The rule generalizes: a liveness probe that doesn’t exercise the real work isn’t a liveness probe. It’s an uptime-flavored placebo.
Chaos-test the recovery while it’s cheap
I had the auto-kill loop written, finger over the button, about to wire it into cron. Then I stopped.
An untested remediation is worse than none. If my assumption about SIGKILL then restart was wrong on this particular box, the loop would kill the service and leave it dead. I would have hand-built an outage generator and aimed it at myself.
So while the endpoint was idle, before the reviewer touched it, I ran the experiment for real. Killed the live process. Watched.
killed at 00:29:40Z
[6s] active newPID=… (systemd restarted it)
[20s] active model_loaded=True (model back, serving)
Six seconds to restart, twenty to reload a 15 GB model. (That reload is fast because of page cache: the weights were still warm in RAM from the previous process, so it wasn’t a cold read off disk.) Now I knew the recovery path worked, with numbers, instead of hoping it would on the one night it mattered.
Chaos-test your recovery when it’s cheap and you’re watching, not when it fires for the first time under load with a reviewer attached.
Defense in depth, by failure domain
The last piece is the one people most often get subtly wrong. Three copies of the same monitor is not defense in depth. The layers only count if each one catches a failure class the others structurally cannot.
I ended up with three. The way to read them is as blast radius: each ring survives the death of everything inside it.
- On-host, every 2 minutes: the kill-and-revive loop above. Catches crashes and hangs. But it runs on the same box, so if the host dies the watcher dies with it and can’t tell you.
- On-LAN, every 3 minutes: a second machine probes the public URL and pings my phone. Catches a dead host or a broken tunnel that layer 1 could never report about itself. But both machines sit in the same building, on the same power and the same network.
- Off-site, every few hours: a tiny scheduled job in the cloud hits the public URL and pages me if it’s gone dark. This is the only layer that survives the whole site losing power, because when the two local watchers go down, they can’t tell you they went down.

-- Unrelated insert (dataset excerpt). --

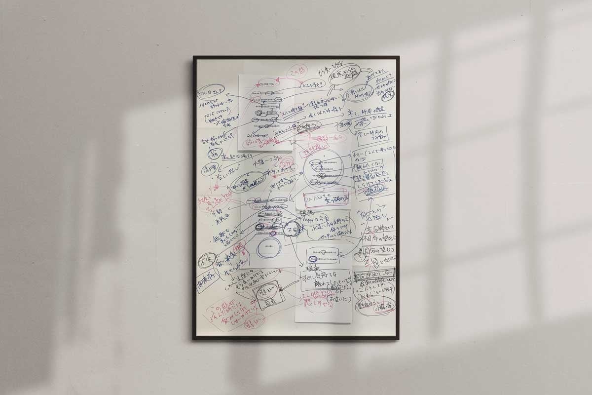歌詞の背景や思想を掘り下げ、大きな紙いっぱいに書き連ねたその思索の跡は、彼の成長と共に幾度と上書きされ“アート”のように育っていきました。

That third layer is the real test of whether you have defense in depth: a monitor that shares a failure domain with the thing it watches is not monitoring it. Your on-prem alerting cannot call to tell you the building lost power. Something outside the blast radius has to.
What travels
If you run a model on a box instead of a platform, four things here outlast my specific setup:
Restart=on-failureonly covers crashes. Hangs are the likelier killer for an ML server, and they’re invisible to it.kill -9is a rootless remediation primitive. You own your own process,SIGKILLis “unclean,” and systemd’s restart policy does the work no admin gave you permission to do. (SIGTERMwon’t; it’s classified as clean.)- Probe the real work, not a cheap
/health. If the probe doesn’t run an inference, it cannot see a hung model. - Layer by failure domain. On-host, on-LAN, off-site, each catching what the others can’t. If every layer dies in the same power outage, you don’t have three layers. You have one layer wearing a trench coat.
None of this is fancy. It’s curl, a cron line, and one careful reading of the systemd manual. But it turned a hand-built single-box service into something that quietly fixed itself for three days while I got on with my life. When one important person is watching and you are not, that is the whole game.
One box. One model. Three days of it minding itself.